- _WORK TO BE COMPLETED_
A faithful transcript of all the lines below, with no pictures, is the goal here.
EXCERPTED RECORDS: Begin
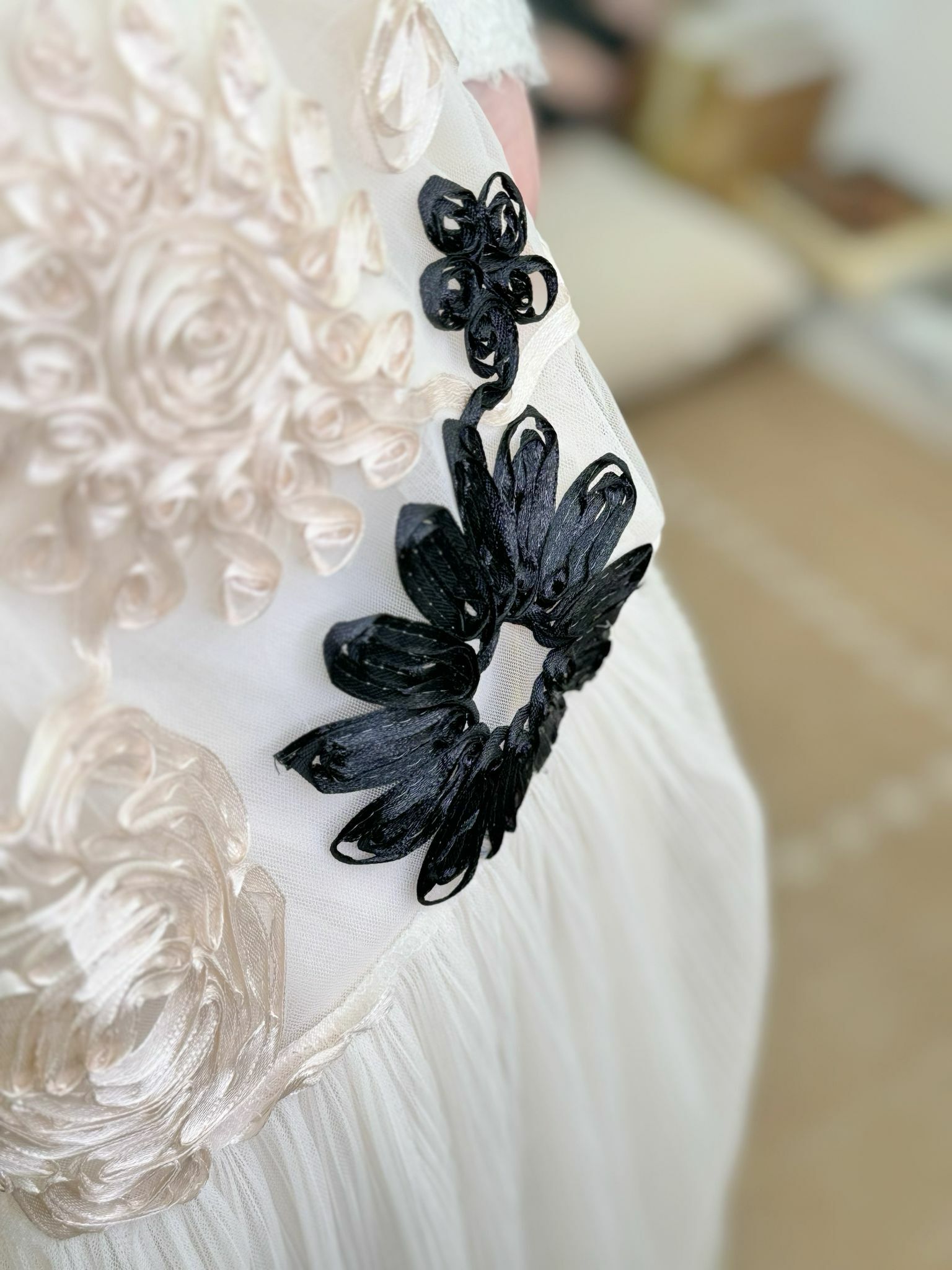 整個緞帶花部分同下身飄逸紗分離⚠️兩個唔同面料係完全無重疊
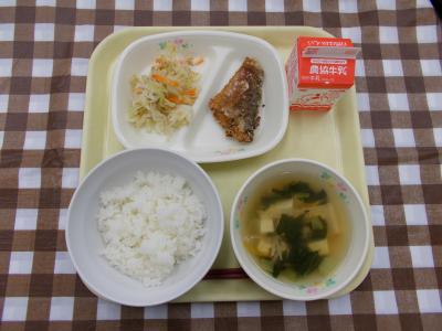 ごはん、さばの竜田揚げ、ごま酢和え、すまし汁、牛乳
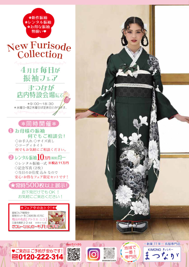 4月春休み振袖フェア開催中! 新作振袖も続々入荷! 下見歓迎、お気軽にお越しください。 来店のご予約 […]
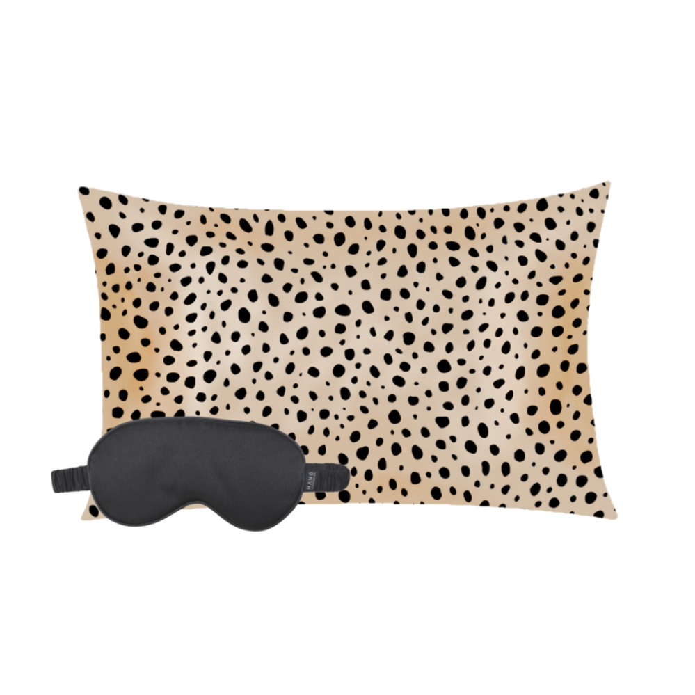 Cheetah Spot Pillowcase + Black Eye Mask Set
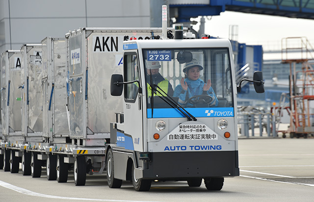 全日本空輸(ANA/NH)と豊田自動織機は2月12日、貨物コンテナなどをけん引する「トーイングトラクター」の自動走行試験を、中部空港(セントレア)で報道関係者に公開した。佐賀空港に続き2例目の自動走行試験で、2020年度での実用化を目指す。
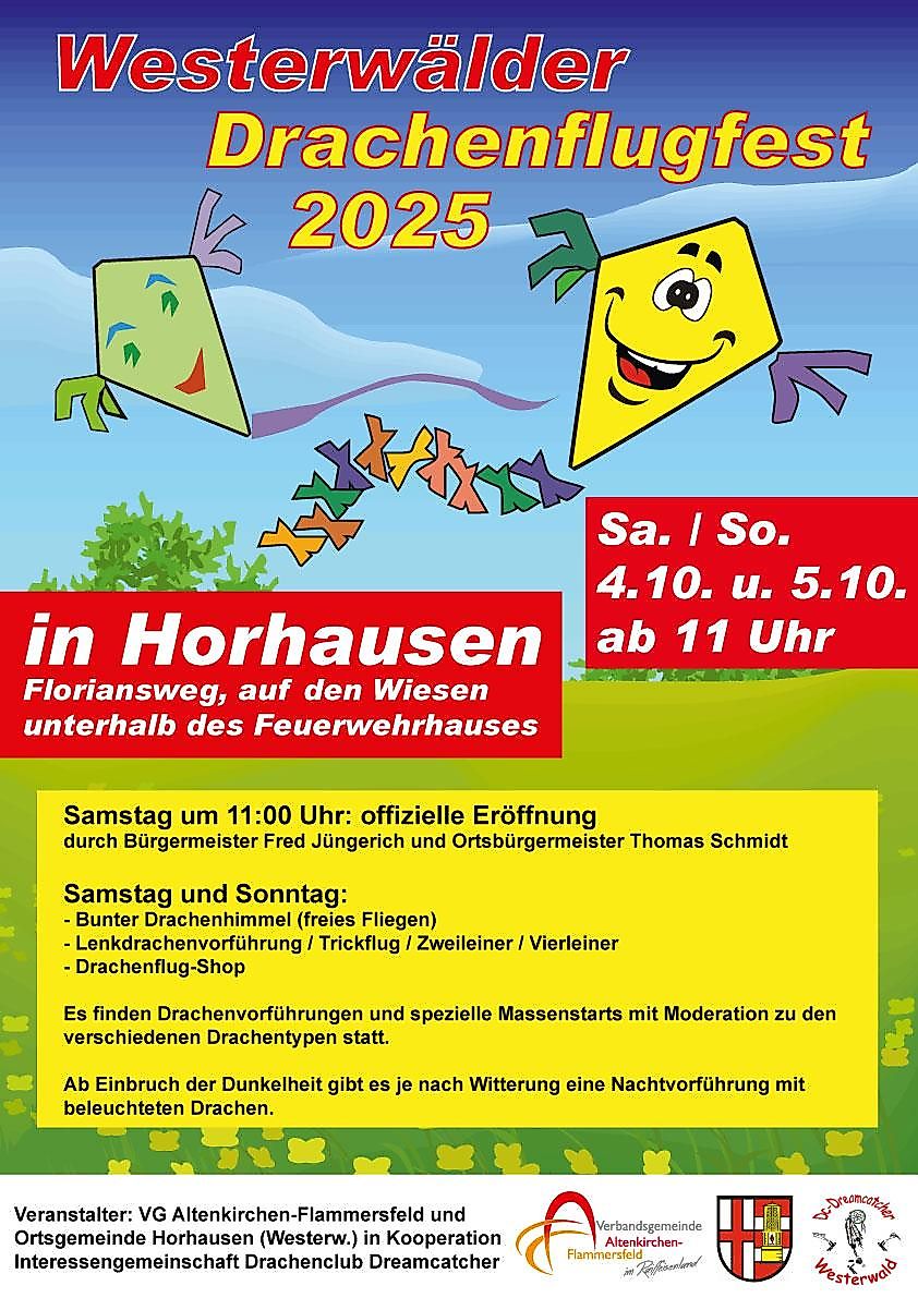 Hier werden wieder Profis mit spektakulären Drachen erwartet, die ihre Flugkünste demonstrieren. Auch Kinder, Jugendliche und interessierte Erwachsene sind eingeladen, zwei erlebnisreiche Tage in Horhausen zu verbringen und ihre Drachen steigen zu lassen.Nach Einbruch der Dunkelheit lädt der Drachenflugclub zu einer beleuchteten Kulisse ein.
EXCERPTED RECORDS: End
- _EXERCISE RESULT_
 整個緞帶花部分同下身飄逸紗分離⚠️兩個唔同面料係完全無重疊
 ごはん、さばの竜田揚げ、ごま酢和え、すまし汁、牛乳
 4月春休み振袖フェア開催中! 新作振袖も続々入荷! 下見歓迎、お気軽にお越しください。 来店のご予約 […]
 Cheetah Spot Pillowcase + Black Eye Mask Set
 全日本空輸(ANA/NH)と豊田自動織機は2月12日、貨物コンテナなどをけん引する「トーイングトラクター」の自動走行試験を、中部空港(セントレア)で報道関係者に公開した。佐賀空港に続き2例目の自動走行試験で、2020年度での実用化を目指す。
 Hier werden wieder Profis mit spektakulären Drachen erwartet, die ihre Flugkünste demonstrieren. Auch Kinder, Jugendliche und interessierte Erwachsene sind eingeladen, zwei erlebnisreiche Tage in Horhausen zu verbringen und ihre Drachen steigen zu lassen.Nach Einbruch der Dunkelheit lädt der Drachenflugclub zu einer beleuchteten Kulisse ein.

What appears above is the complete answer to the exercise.